On the Assembly Ways and Means Committee and the Senate Finance Committee, every Republican but one and every Democrat voted to ignore the governor's plan.

During the debate in committee, there was a comment by Senate Democratic floor leader Steven Horsford.

"They deserve to know their retirement is secure," he said. "The proposal to take that security away from these individuals, it's not fair, not moral."

The term "moral" jumped out at me. Since the election of Ronald Reagan in 1990, all kind of things, from taxes to school curriculum, have been treated by the evangelical right as moral issues. Since morality involves not what is correct or mistaken but what is good or evil, our politics naturally became polarized and vicious.

The campaign between Barack Obama and John McCain, both of whom are reluctant to characterize adversaries as enemies, gave some hope that (whoever won) the nation could move beyond the kind of language combat that drives civility out of politics.

Obviously, given the unanimity of opinion on the state worker benefits, Horsford and his colleagues had a good case to make. Government, like business, must be competitive for the services of good people. Public administrators and workers are a special breed and Nevada needs them.

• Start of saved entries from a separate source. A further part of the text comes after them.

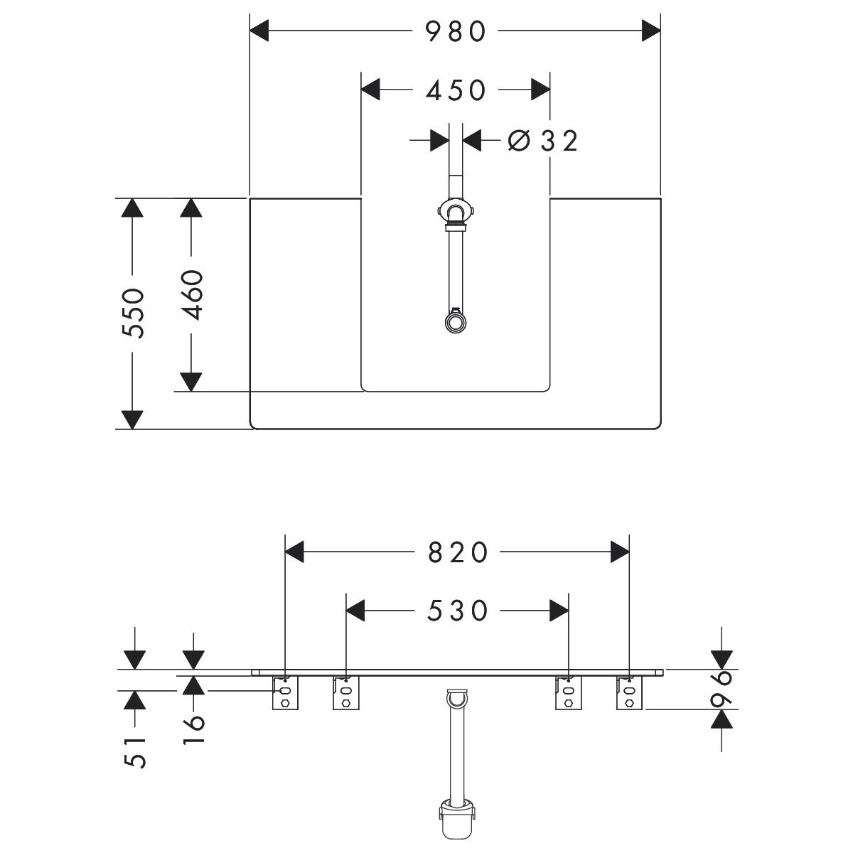 Hansgrohe Xelu Q blat 98x55 cm nucă 54095630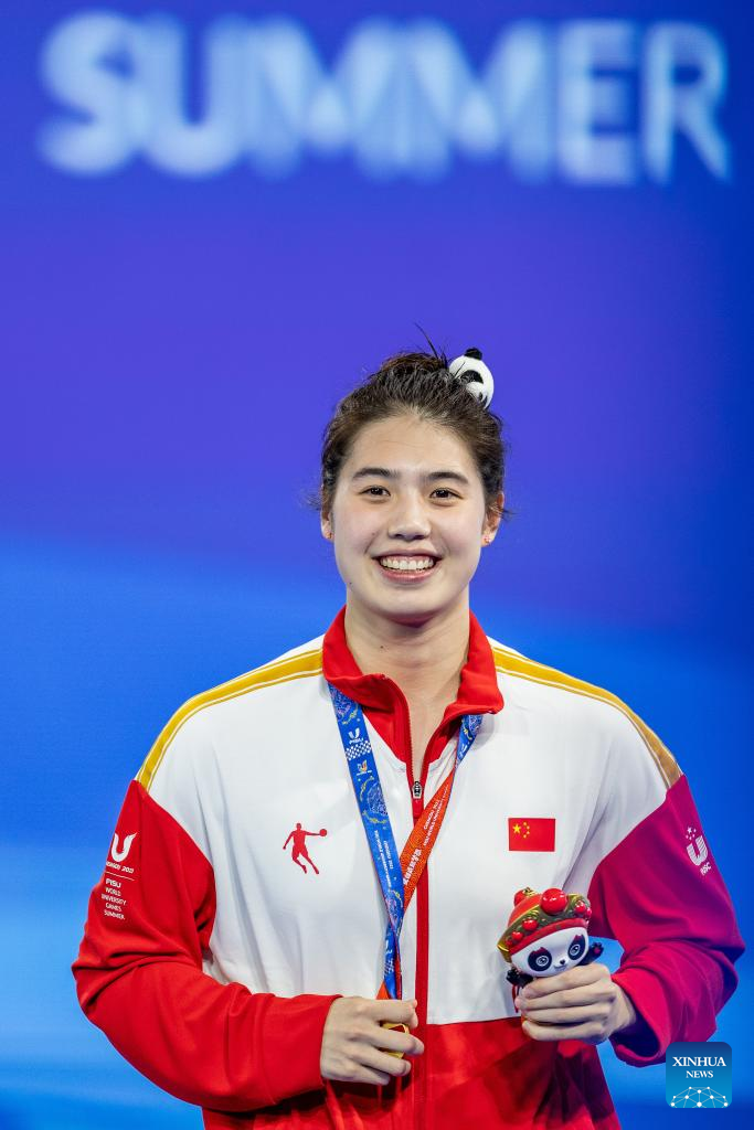 Zhang Yufei of China poses during the awarding ceremony for the Women's 100m Freestyle of swimming at the 31st FISU Summer World University Games in Chengdu, southwest China's Sichuan Province, Aug. 3, 2023. (Xinhua/Huang Wei)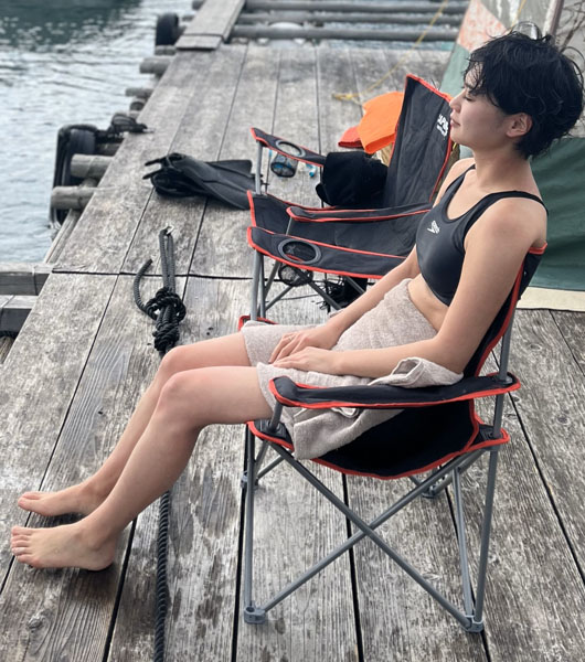 外気浴で脱力するイワタさん(提供写真)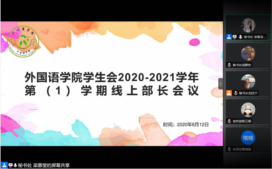 为了加强部门间的交流,更好的落实学生会工作。澳门十大网投平台排行学生会于2020年8月12日晚19:30在腾讯会议平台召开了2020-2021学年第(1)学期线上部长会议。此次会议围绕“加强部门交流,共建和美外院”的主题,各部门针对近期工作总结,以及2020-2021学年规划等进行了简要汇报,出席本次会议的嘉宾有澳门十大网投平台排行党总支书记徐超,澳门十大网投平台排行学生会指导老师伍思颖,澳门十大网投平台排行学生会执行主席团以及各部门部长。

Gibbons' changes would not only have made the state less able to attract good workers but could have cut retirees off from their health care. "You can't change the rules after they no longer have the ability to go back to work to pay for health benefits," said Assembly Speaker Barbara Buckley.

Unfair? Sure. Immoral? Whoa.

Horsford, who has shown a deft and capable hand at guiding the Nevada Senate, didn't need to bring the question of morality into the debate to make his case.

There's no question that Democrats have a more difficult time than Republicans in using language that makes emotional appeals to the public. The value subtleties and nuance. It has become a cliché in politics that Republicans talk about law while Democrats talk about doing justice.

But that's a different thing from raising the political ante by treating a programmatic issue as a battle between right and wrong. Using a term like "moral" means that Horsford is describing those with whom he disagrees not just as mistaken but as evil. In this case, that was Assembly GOP floor leader Heidi Gansert, the lone vote for Gibbons' program and a leader who has given the Democrats plenty of cooperation this session.

There are certainly moral issues in politics from time to time. Battles over slavery, the Philippine conquest, civil rights and Vietnam have brought out the best in our nation as we struggled our way to higher ground.

But not every education program and street widening project is a moral issue, and framing them that way can only take us back to that bleak and harsh political landscape that has plagued us since 1980.